Where is the panic?
We are bouncing off the MOB on the weekly chart of the ($SPX). From my post on June 4th, we have reached the intial downside target.
The daily chart shows that if we bounce enough for our daily stochastic to become overbought, we may have the opportunity to short more.
I will now look at the ($VIX) and the TED Spread to see where we are in relation to where we were at the March low.
First, the ($VIX).
We are in a worse position than we were in March, yet panic levels are not near where they were.
Why so much confidence in the downside? Because the trend is down.

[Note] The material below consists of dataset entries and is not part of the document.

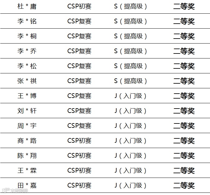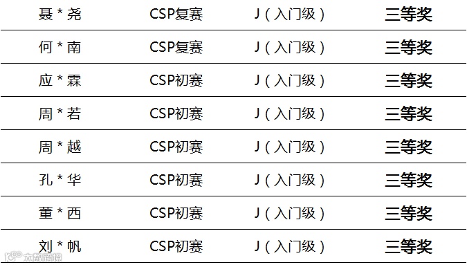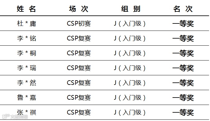 杜*庸、李*铭、张*祺、李*桐、李*瑞、李*然、鲁*嘉,6位科乐维学员,包揽2020 CSP-J(入门级)一等奖。
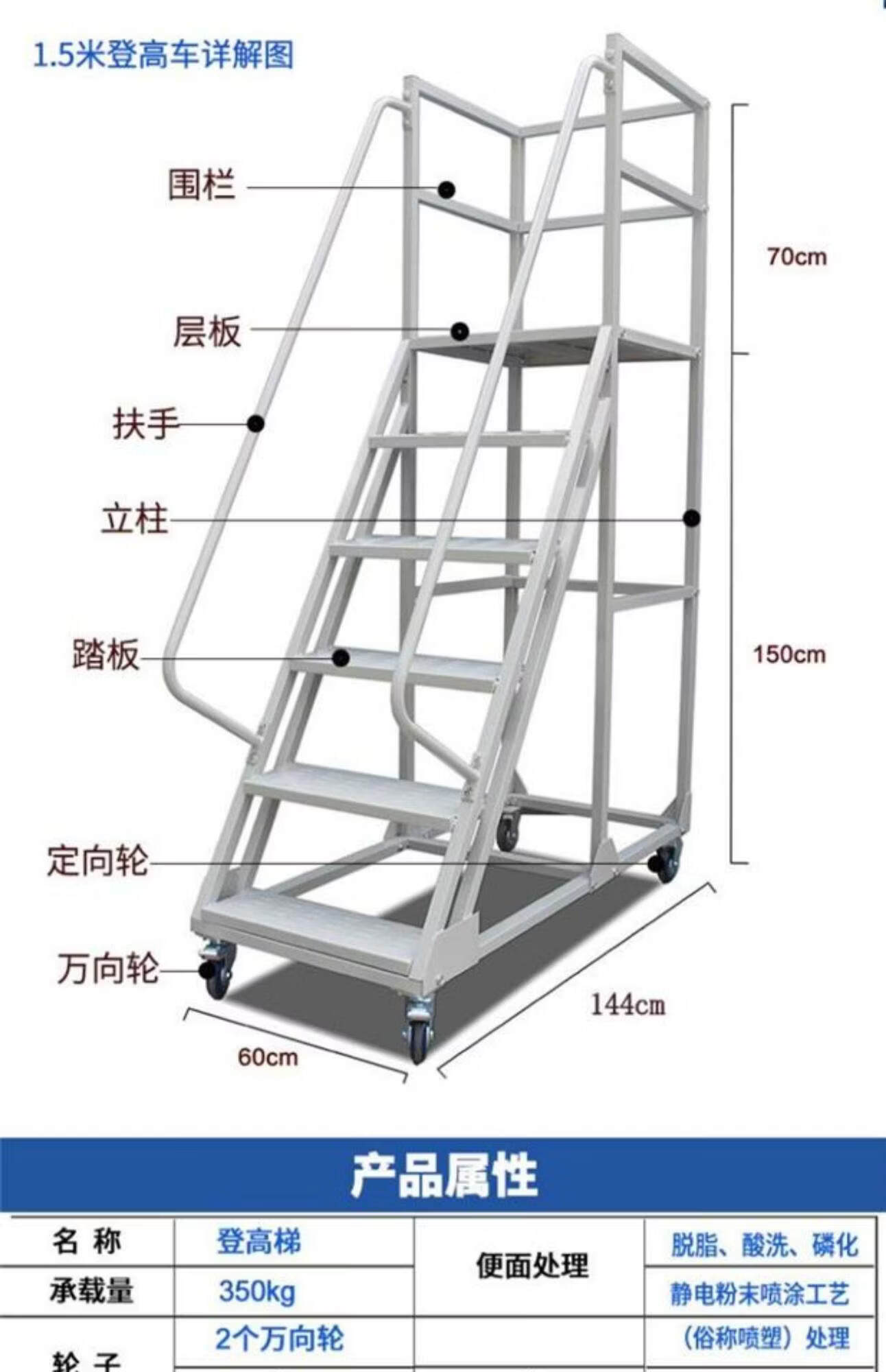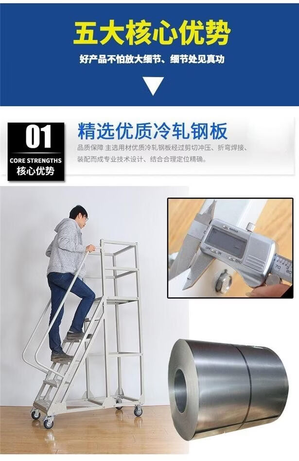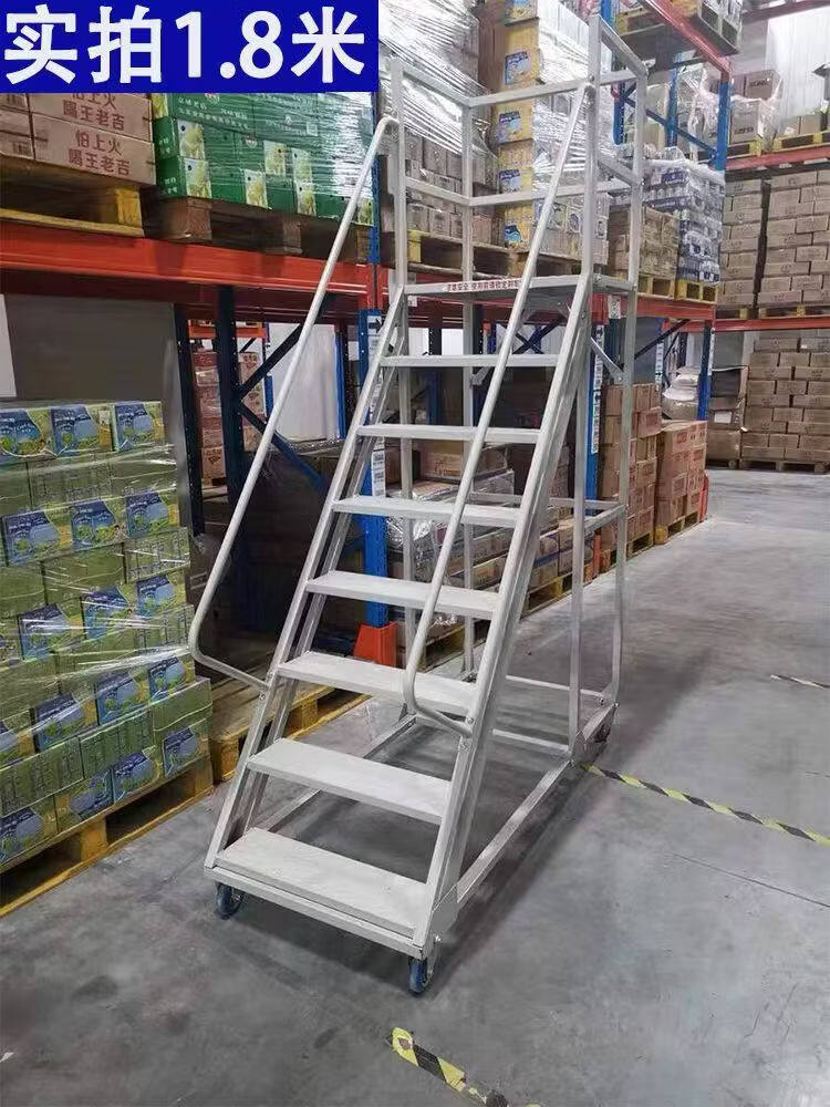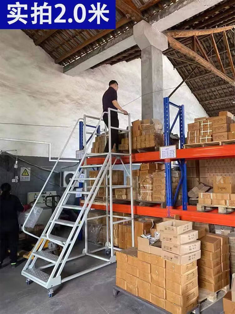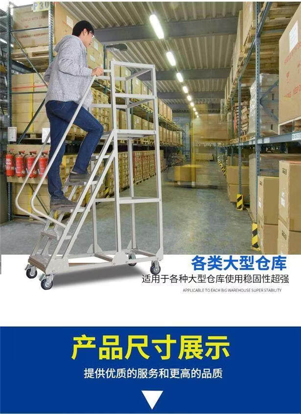 Movable platform climbing ladder warehouse supermarket warehouse climbing car detachable tally pickup ladder off-white platform 4.5 meters above the ground 1.2 meters wide
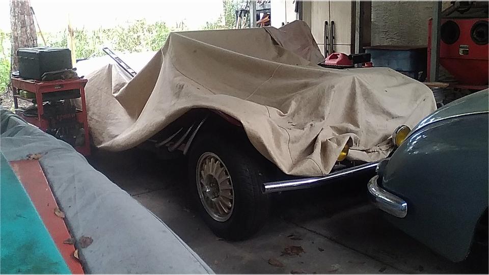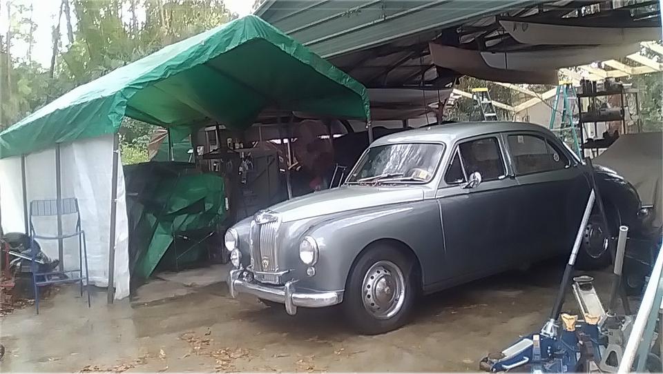 Meanwhile there was time for some pictures to catch up on the toys and progress since last Spring. There is the MG ZB Magnette with 1800 engine and late model MGB overdrive gearbox. Still having some trouble with the OD function, but getting real good at R&R of the engine and gearbox by now. The Porsche 914 under the green canopy was moved here from the far side of the drive to free up work and maneuvering space over there. Outer body sanding and priming has been progressing slowly. The MGB wannabe race car looks about the same as last Spring.
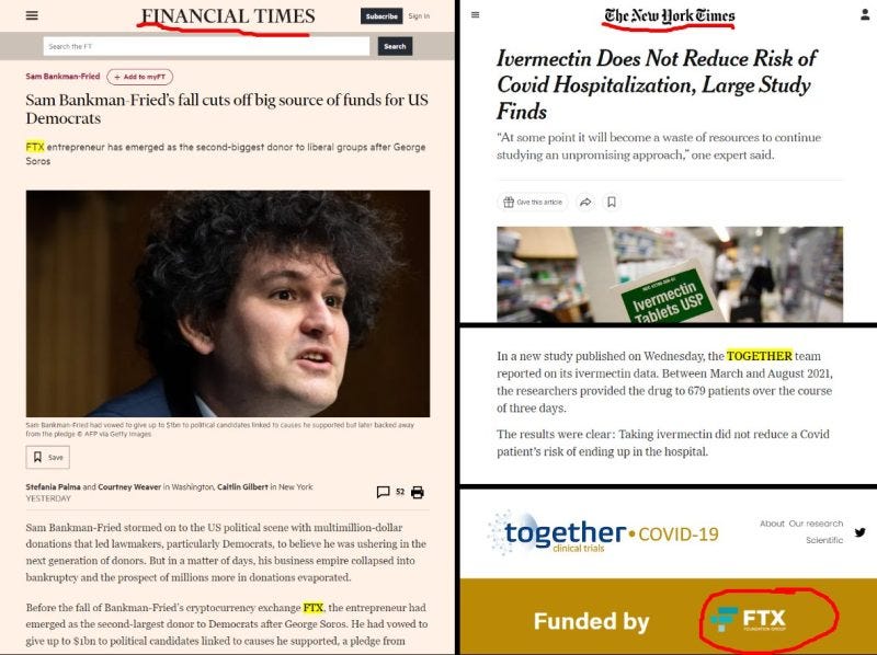 Earlier this year, the New York Times trumpeted a study that showed no benefit at all to the use of Ivermectin. It was supposed to be definitive. The study was funded by FTX. Why? Why was a crypto exchange so interested in the debunking of repurposed drugs in order to drive governments and people into the use of patented pharmaceuticals, even those like Ramdesivir that didn’t actually work? Inquiring minds would like to know.
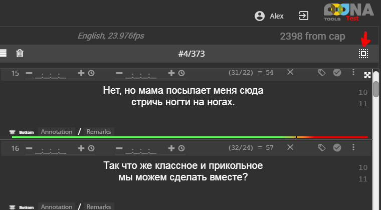 In order to select multiple boxes for editing, click on the small square above the subtitle table. You can either select all, or individual subtitles using checkboxes
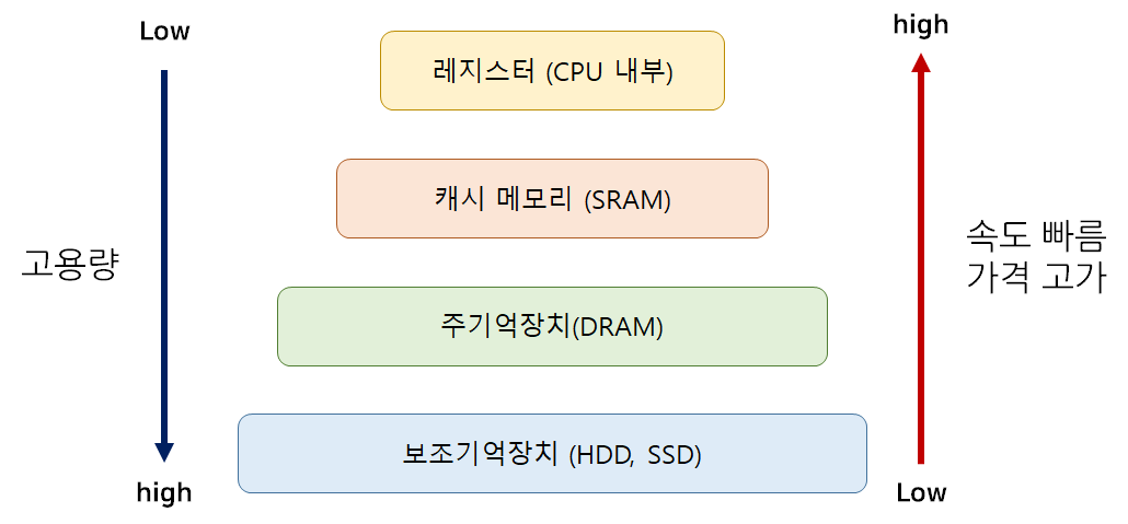 컴퓨터 저장장치는 어떤 것이 있을까요? 우선 저장장치의 계층을 살펴보겠습니다.
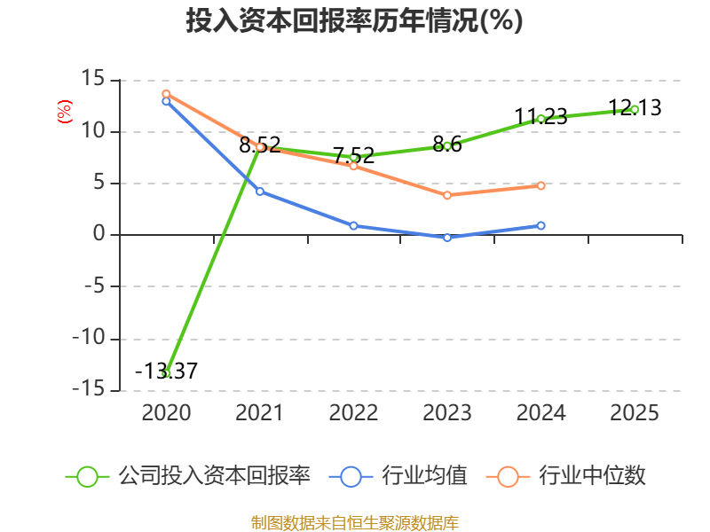 数据显示,2025年公司加权平均净资产收益率为12.4%,较上年同期上升0.63个百分点。公司2025年投入资本回报率为12.13%,较上年同期上升0.9个百分点。
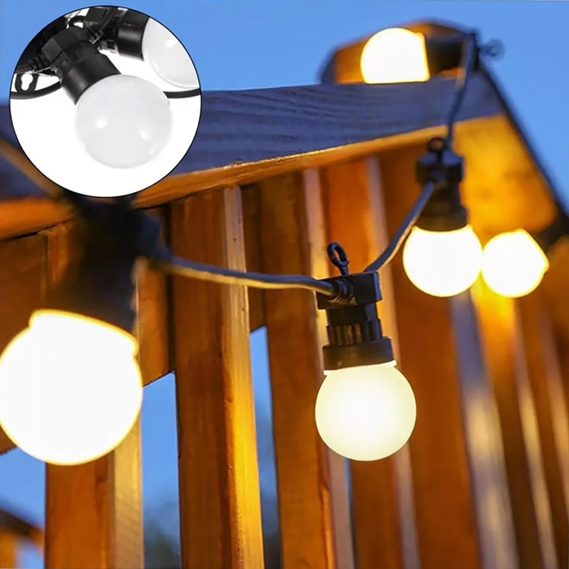 QIMEDO 30 Kuning Lampu 30 Meter Kabel Fitting Kafe Komplit Lampu Led Outdoor Tahan Air Casing Putih

Now, I want to comment on the crackdown on short sellers. Whenever a company blames short sellers for their troubles, it is a huge tell that there are more problems than the company wants to admit. We have seen this repeatedly. We saw it with Enron, we are seeing it with Lehman Brothers (LEH). Now, government agencies want to curb short selling. This is a tell. The problems are deep and politicians think curbing short selling will help. It won't. Time and price are the only cure to the problems we face.
Conclusion :
We are not near a bottom. If we bounce further, it is an opportunity to short more.
Joel Stahl





Great insight! The two days were a sucker's rally.
Posted by: Richard | July 18, 2008 at 12:24 AM
Yes! Look out below!
My understanding of the original SEC intent of the proposed rule to "crackdown on naked short sellers" was to curb a specific fraudulent practice (failure to deliver) that has been used extensively to artifically depress the price of low priced (newly issued) stocks. See this link: http://www.cato.org/pubs/regulation/regv31n1/v31n1-7.pdf.
Now they want to use this rule to "protect" financial stocks from legitimate short-selling. Good luck!